Lembaga musiman ini ( 3 tahun masa kerja) teramat labil untuk menjadi regulator , mengingat keterbatasan wewnang yang diembannya, sesuai UU Penyiaran, itupun hingga kini masih sering terjadi debatable dengan pihak Menkominfo dalam hal job discribtion di lapangan.
Namun dalam hal mengawasi, mengevaluasi, mengendalikan fungsi kontrol tentang konten isi siaran KPI tetap stratwgis , mengingat lembaga sensor film sekelas LSF pun kadang teledor melakukan tapis.

Kunci ada ditangan siapa?
Siapa yang mengendalikan liar dan maraknya produksi massal ( jurnalistik netizen ) berupa konten YouTube channel ? Hanya bergantung tunggal pada hegemoni YouTube untuk menapis dan menerapkannya kah?
Persoalannya, konten bebas liarnya jurnalisme gaya Youtuber makin tak terkontrol, segmen nya bebas terbuka, ini bisa peluang bagi kebebasan kreatif Millenial, sekaligus ancaman tanpa kendali konten yang mungkin merugikan pihak lain , karena tak tertutup kungkinan terdapat konten porno, vulgar, hedonism, sara, bahkan amoral seperti plagiatisme konten dan lainnnya. Nyaris YouTube channel menjadi pasar gelap liar bebas, minim bahkan tanpa koreksi.
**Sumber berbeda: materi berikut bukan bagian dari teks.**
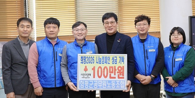 함평군은 16일, 함평군공무원노조가 연말연시를 맞아 지역 내 소외계층을 돕기 위한 성금 100만 원을 기탁했다고 밝혔다.
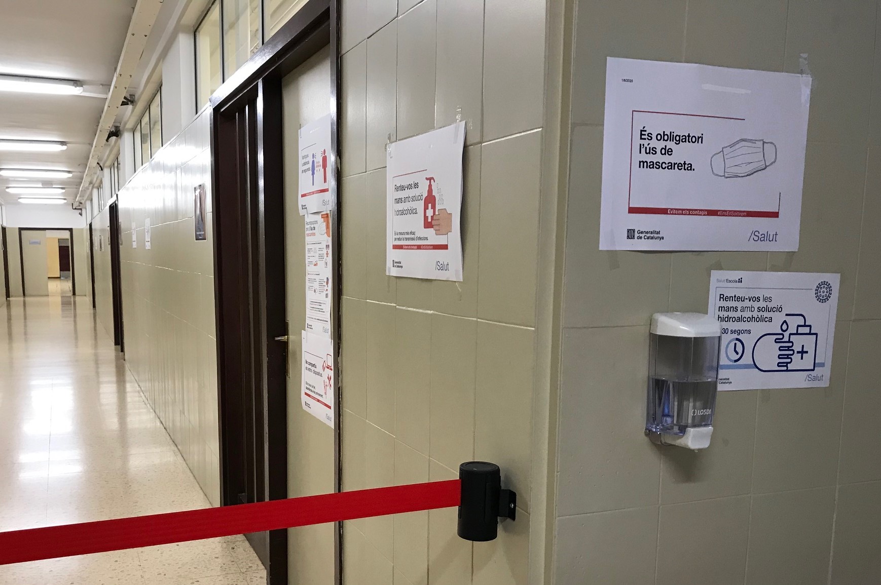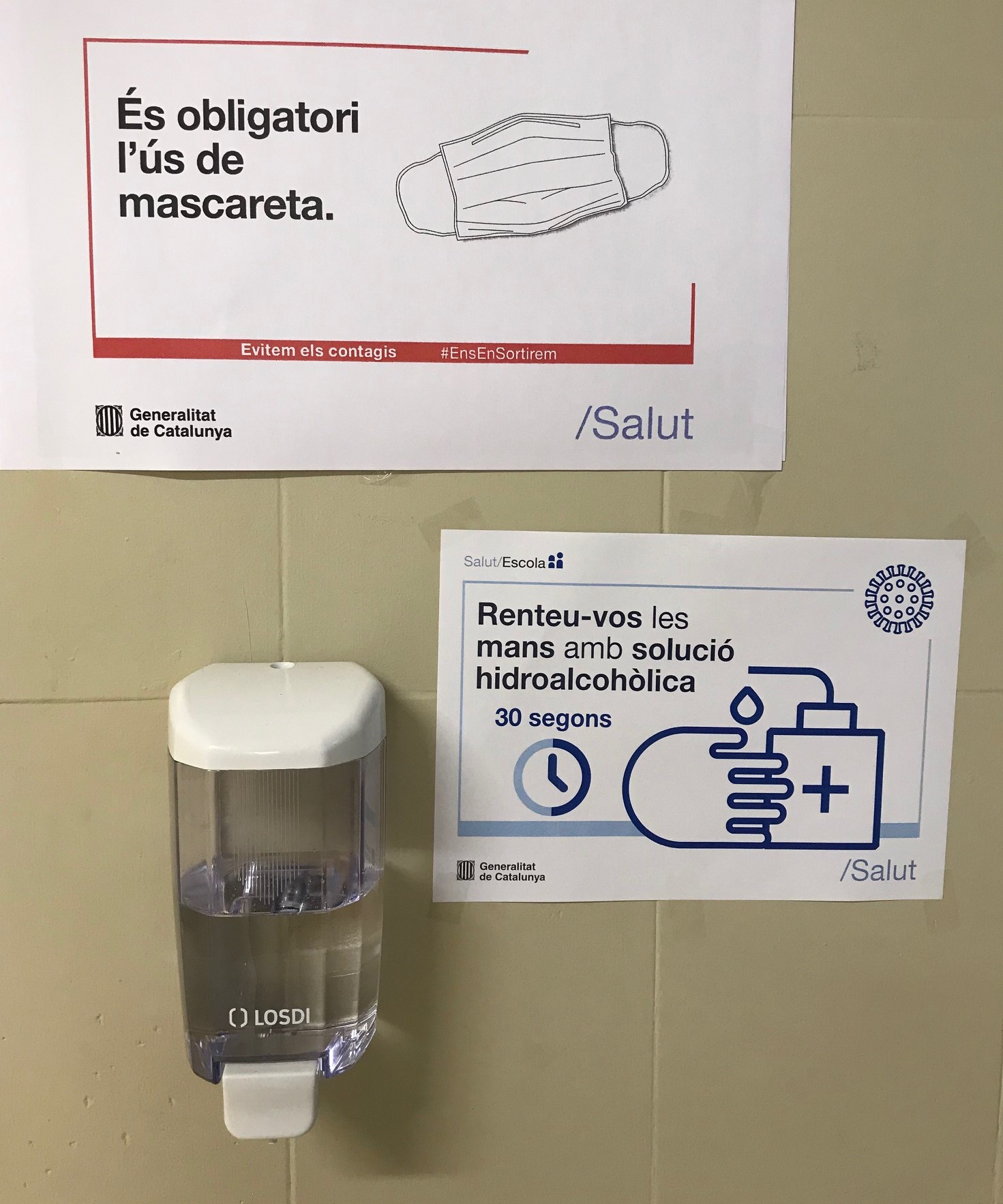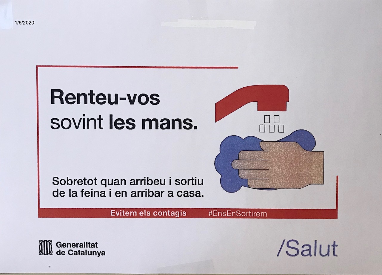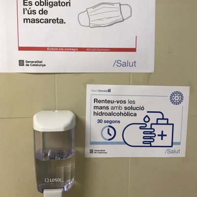 Tal com marquen els protocols, s’han adequat tots els espais del centre amb el que determina la normativa: líquids necessaris per desinfectar, rètols recordant les instruccions bàsiques (mans-distància-mascareta), accessos diversificats, etc.

Kepada siapa regulasi ini diatur?
Perlu ada KPM selain KPI?
Rupanya perlu komisioner satu lagi, yakni Komisi Penyiaran Medsos ( KPM) sebagai mitra sejajar KPI yang khusus mengurusi lembaga penyiaran Radio dan Televisi.
Bola ada di tangan Legislator DPR Senayan.
Semoga mereka “ngeh” melihat fenomena Millenial mutakhir ini.
Dewan yang terhormat, inilah proyek…2020

(* Penulis, mantan Komisioner KPID Kalbar 2003-2007, Mantan Pemred MKTV ( kini Kompas TV), Kini aktif Jurnalis Citizen Mukim di Kota Makassar).